Kerrigan immediately raised a challenge in the Appeal Court to Lord Cameron's ruling, where it was decided "that the move was premature and that the men could return with their argument if and when they were convicted." Following their conviction, McAnea and his accomplices—Dennis McGinnis, John McGregor and Raymond Dean—lodged appeals based on the invalid warrants. In October 1998, all 4 were granted "interim liberation" and released from prison pending the outcome of the appeal.

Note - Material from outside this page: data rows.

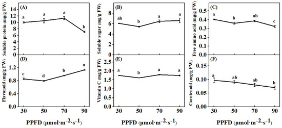 Effects of different light intensity on the contents of soluble protein (A), soluble sugar (B), free amino acid (C), flavonoid (D), vitamin C (E), and carotenoid (F) in broccoli microgreens. The lowercase letters in all figures represent the significant difference (p < 0.05). Vertical bars indicate the means ± SE (n = 3).
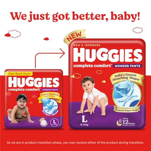 New & Improved Huggies Complete Comfort Wonder Pants - India's Fastest Absorbing diaper with Patented Dry Xpert Channel; Large size / L Size baby diapers
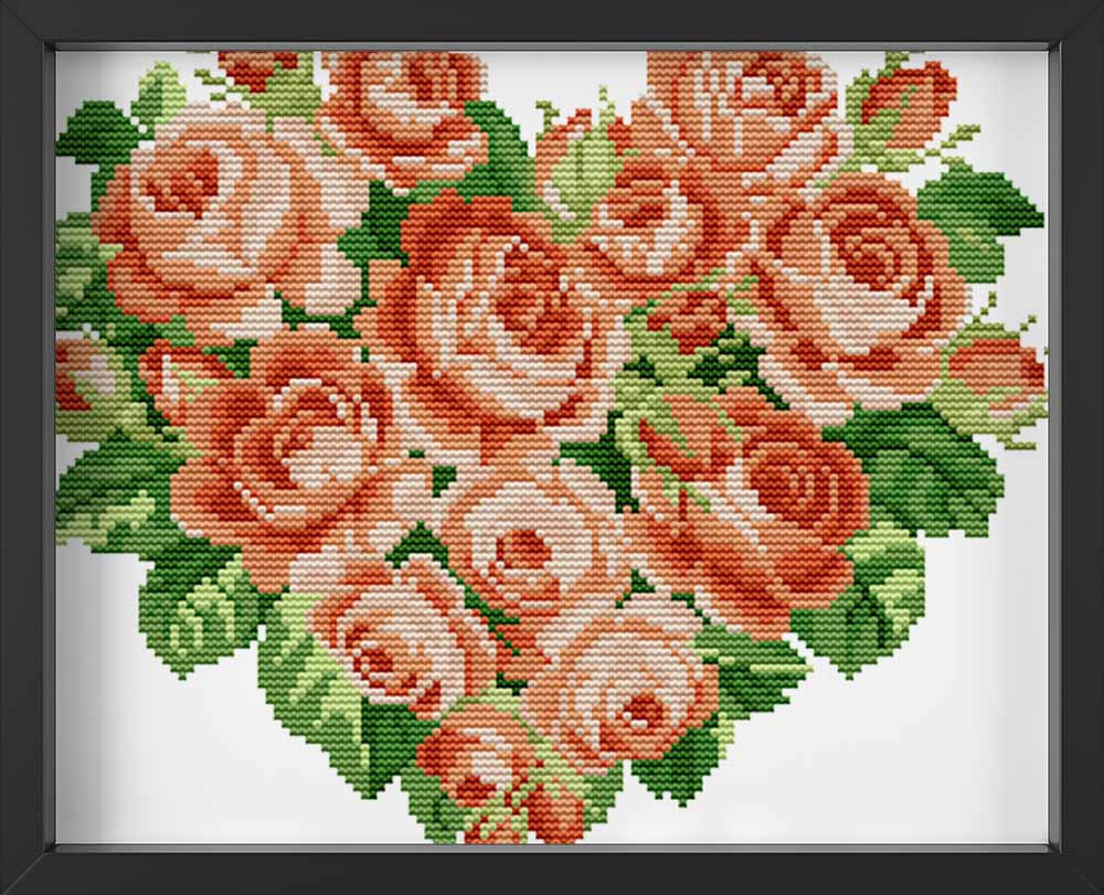 Kreuzstich -  rotes Rosenherz | 30x30 - Diy - Fadenkunst

The appeal was heard by Lord Justice General Lord Rodger, Lord Prosser and Lord Allanbridge on 18 July 2000 at the Court of Criminal Appeal in Edinburgh. The men argued that there had been a miscarriage of justice because once Lord Cameron had ruled that the warrants were invalid, any subsequent decision to reverse his position and admit evidence gathered illegally was incompetent. On 2 August 2000, the appellate court handed down its decision in favour of the men and quashed the convictions. Lord Rodger said: "We are satisfied that it was incompetent for the trial judge to give effect to the supplementary submissions of the advocate depute and to reverse his decision to uphold the defence objection." The appellate court's opinion was that once a decision on a defence objection had been taken and stated in open court, it was final and could not be reconsidered. Had the prosecution submitted their argument at the time, before the objection was sustained, instead of waiting until the following day, the evidence may still have been admissible. Crucially, the prosecution were aware that the search warrants contained the erroneous date—and that the defence intended to object their validity—at least as early as the day before the trial commenced. Lord Rodger added: "If decisions formally announced by a trial judge in open court could immediately be re-opened by any losing counsel who could dream up a further argument, the potential for delay, uncertainty and even abuse is obvious."

==Death==
McAnea died in August 2013 due to lung cancer caused by many years of exposure to print and solvent fumes.